DESCRIPTION OF THE TASK:
Copy, exactly and without additions, every line in the records below from the one holding "Муж. Рубашка Хенли" through the one holding "2026년에는 AI가 실제", both ends included.

DATA TO EXAMINE:
######

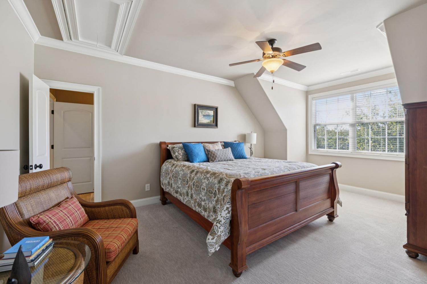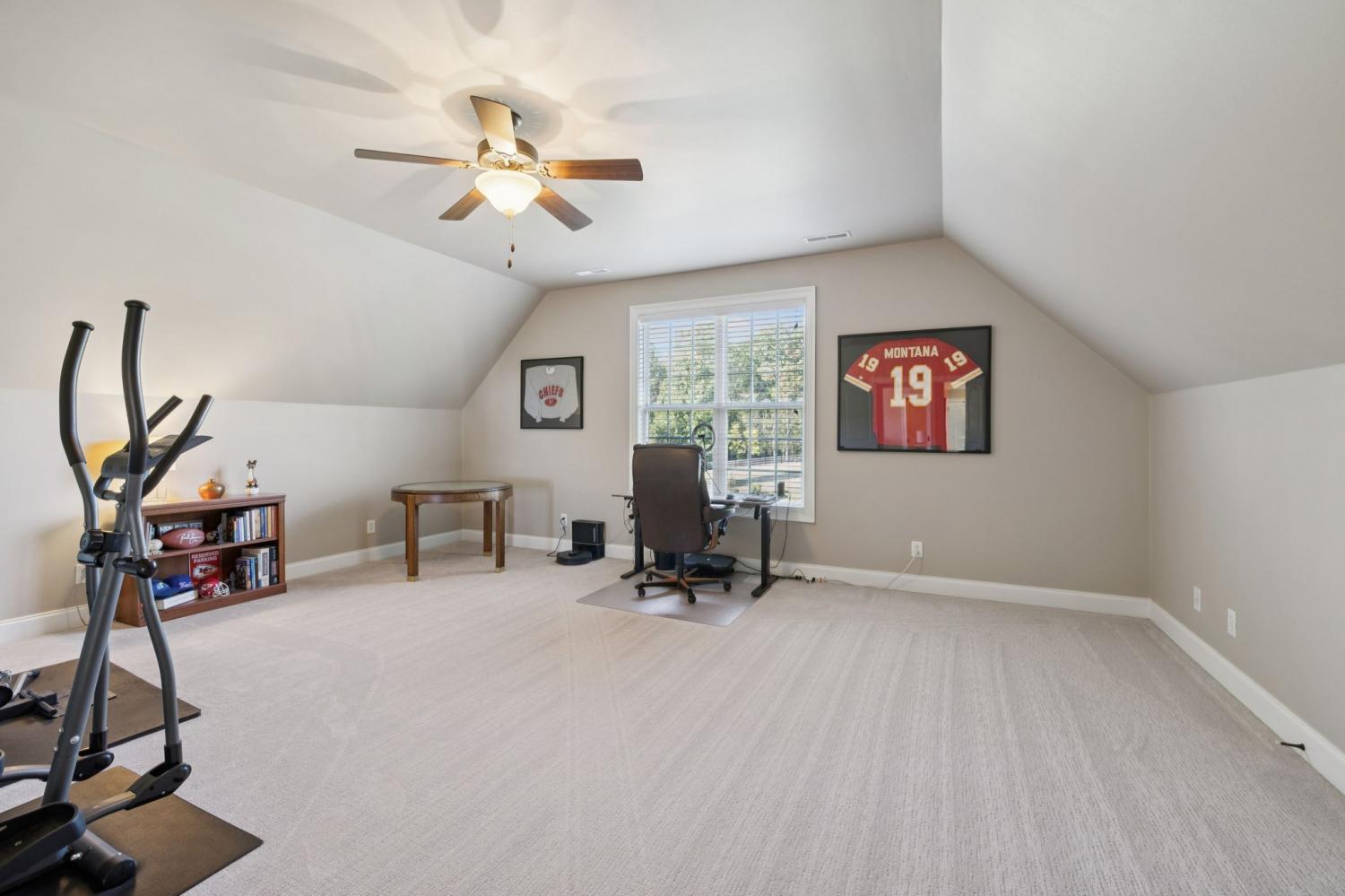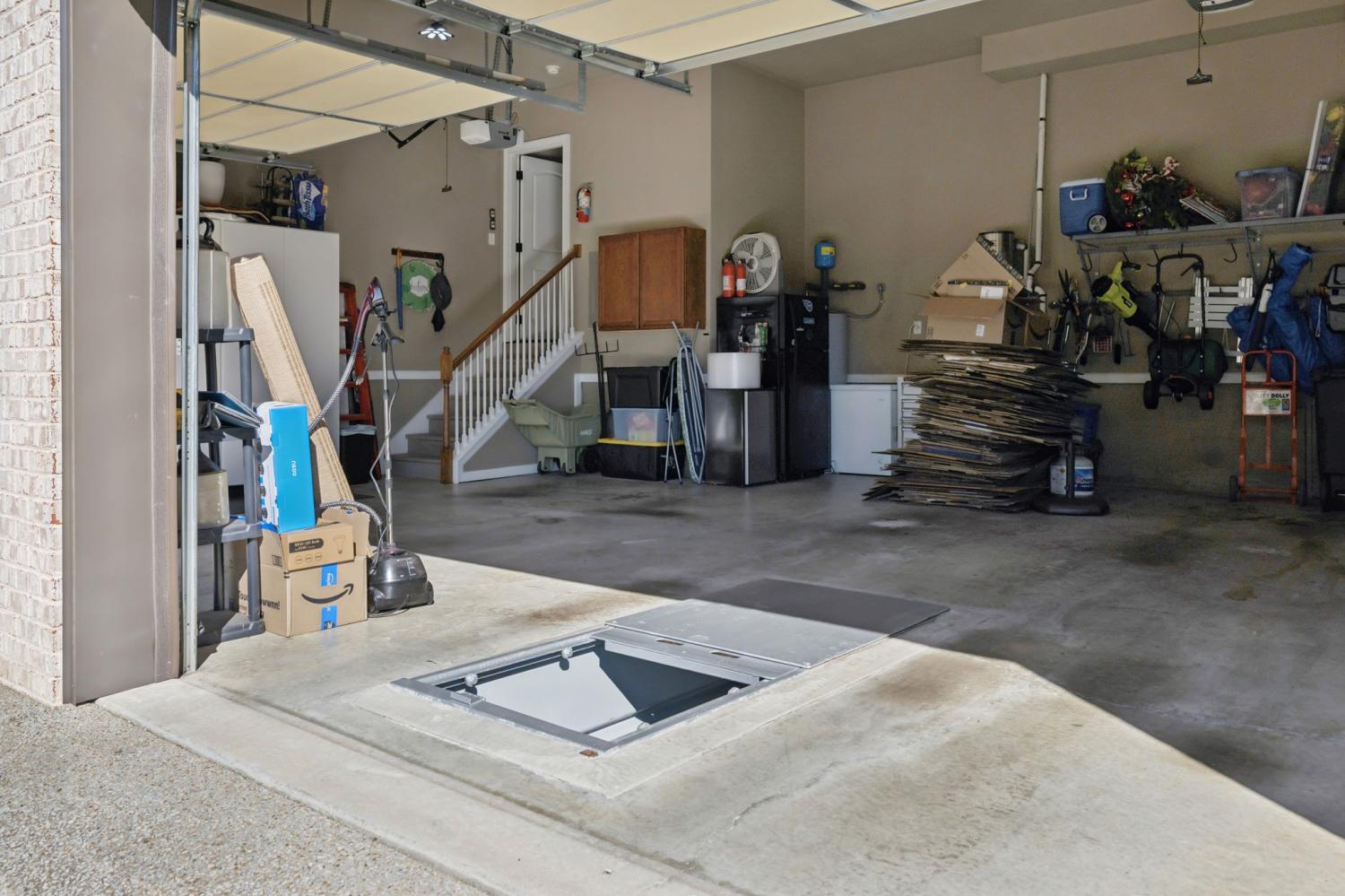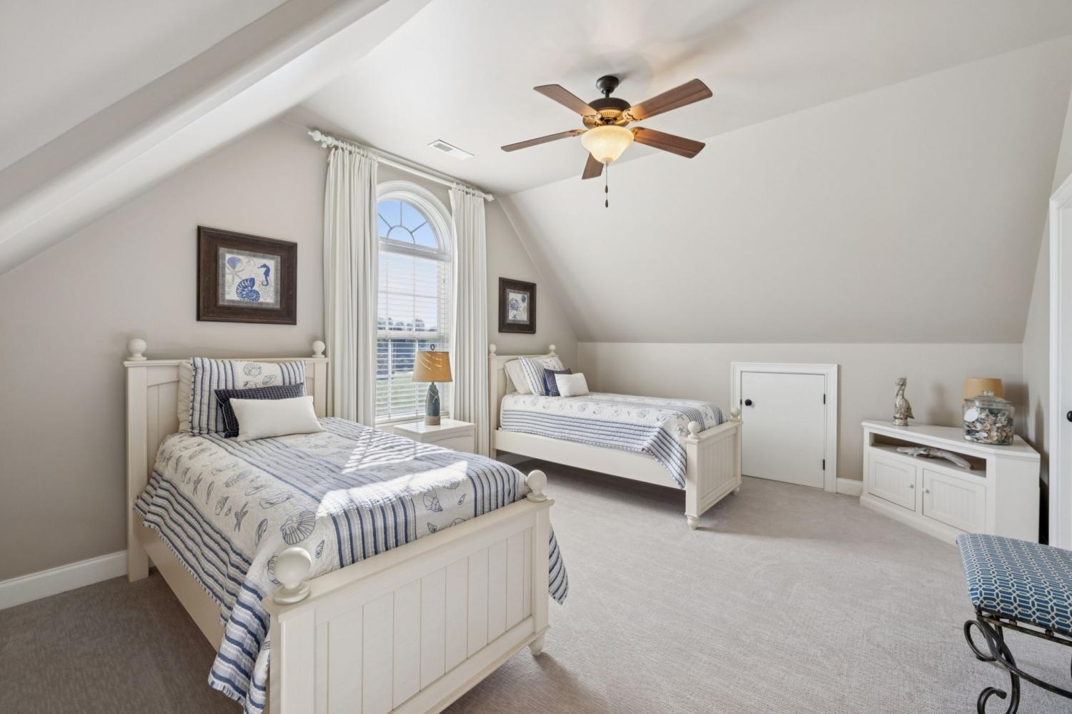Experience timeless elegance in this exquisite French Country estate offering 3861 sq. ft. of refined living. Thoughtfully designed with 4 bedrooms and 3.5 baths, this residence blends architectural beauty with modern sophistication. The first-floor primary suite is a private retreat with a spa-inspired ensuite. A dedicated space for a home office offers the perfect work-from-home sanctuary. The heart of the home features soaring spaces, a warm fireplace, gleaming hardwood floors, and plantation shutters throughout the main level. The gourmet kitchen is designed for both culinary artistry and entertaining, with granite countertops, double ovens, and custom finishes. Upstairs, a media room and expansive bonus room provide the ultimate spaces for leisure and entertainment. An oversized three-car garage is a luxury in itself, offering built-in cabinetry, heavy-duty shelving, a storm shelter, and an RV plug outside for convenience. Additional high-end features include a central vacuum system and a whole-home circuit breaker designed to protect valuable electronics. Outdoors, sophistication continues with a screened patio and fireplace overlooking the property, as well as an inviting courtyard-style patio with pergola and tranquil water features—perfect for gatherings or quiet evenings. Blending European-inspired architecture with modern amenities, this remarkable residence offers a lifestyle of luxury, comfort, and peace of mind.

######

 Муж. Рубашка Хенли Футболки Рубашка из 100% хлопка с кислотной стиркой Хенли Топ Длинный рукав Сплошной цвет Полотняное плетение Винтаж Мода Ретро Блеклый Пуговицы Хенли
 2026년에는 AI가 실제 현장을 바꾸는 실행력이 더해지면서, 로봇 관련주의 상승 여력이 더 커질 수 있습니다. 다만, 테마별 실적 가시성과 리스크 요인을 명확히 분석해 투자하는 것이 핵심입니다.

######

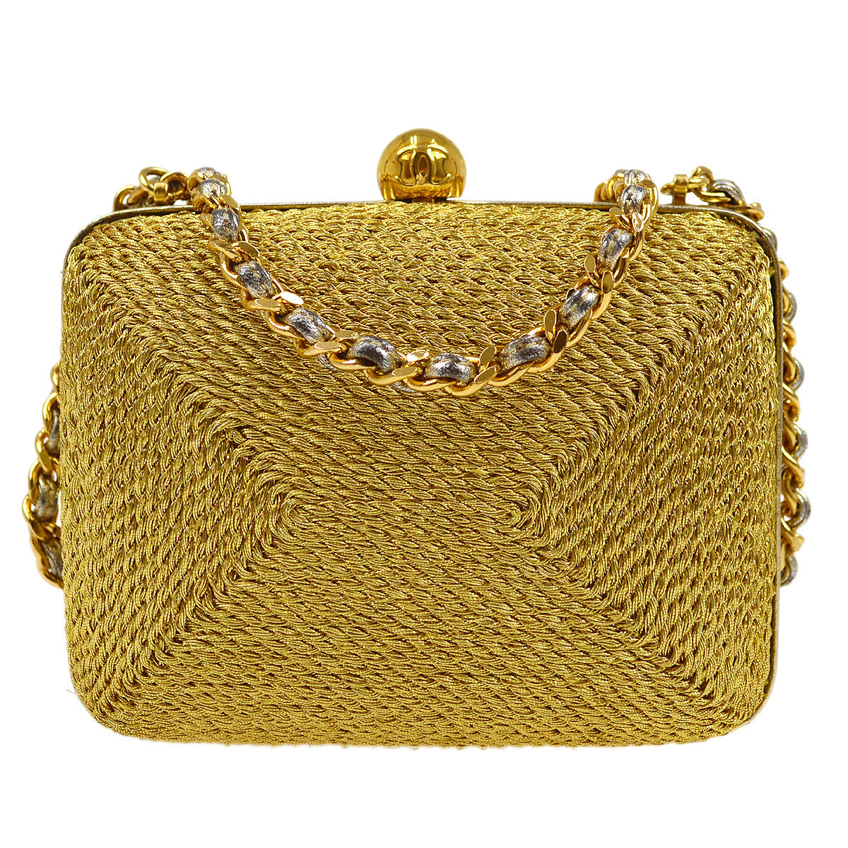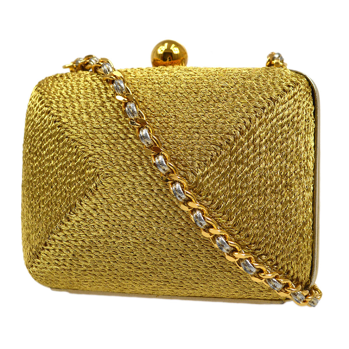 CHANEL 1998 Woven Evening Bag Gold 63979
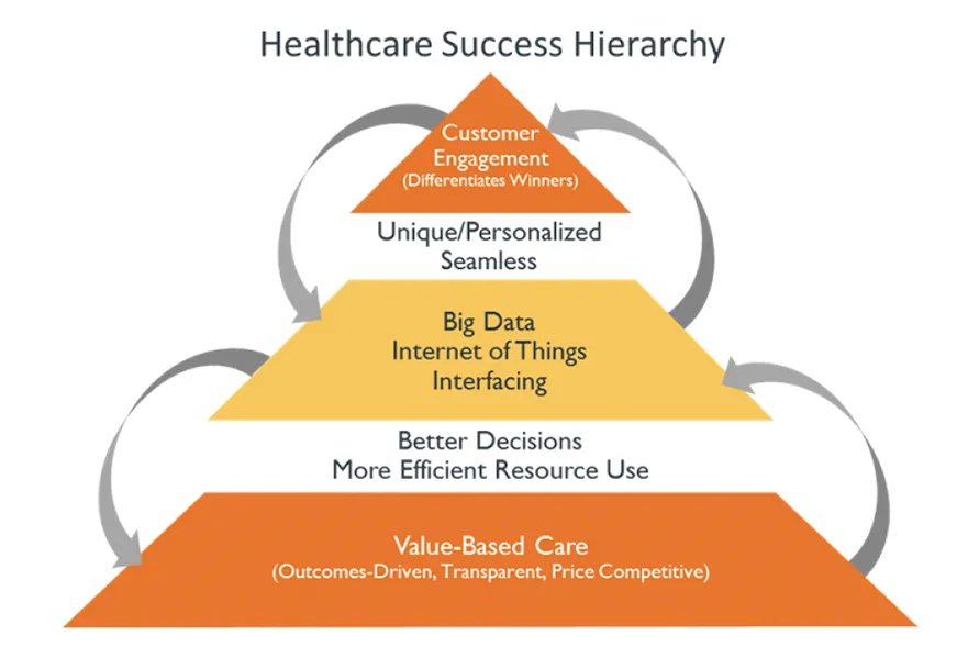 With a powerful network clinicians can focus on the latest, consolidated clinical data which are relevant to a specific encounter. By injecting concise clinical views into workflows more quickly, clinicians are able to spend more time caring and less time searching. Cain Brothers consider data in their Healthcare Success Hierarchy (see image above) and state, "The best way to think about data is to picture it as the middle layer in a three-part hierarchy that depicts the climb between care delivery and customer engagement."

######

ANSWER FOR THE TASK:
 Муж. Рубашка Хенли Футболки Рубашка из 100% хлопка с кислотной стиркой Хенли Топ Длинный рукав Сплошной цвет Полотняное плетение Винтаж Мода Ретро Блеклый Пуговицы Хенли
 2026년에는 AI가 실제 현장을 바꾸는 실행력이 더해지면서, 로봇 관련주의 상승 여력이 더 커질 수 있습니다. 다만, 테마별 실적 가시성과 리스크 요인을 명확히 분석해 투자하는 것이 핵심입니다.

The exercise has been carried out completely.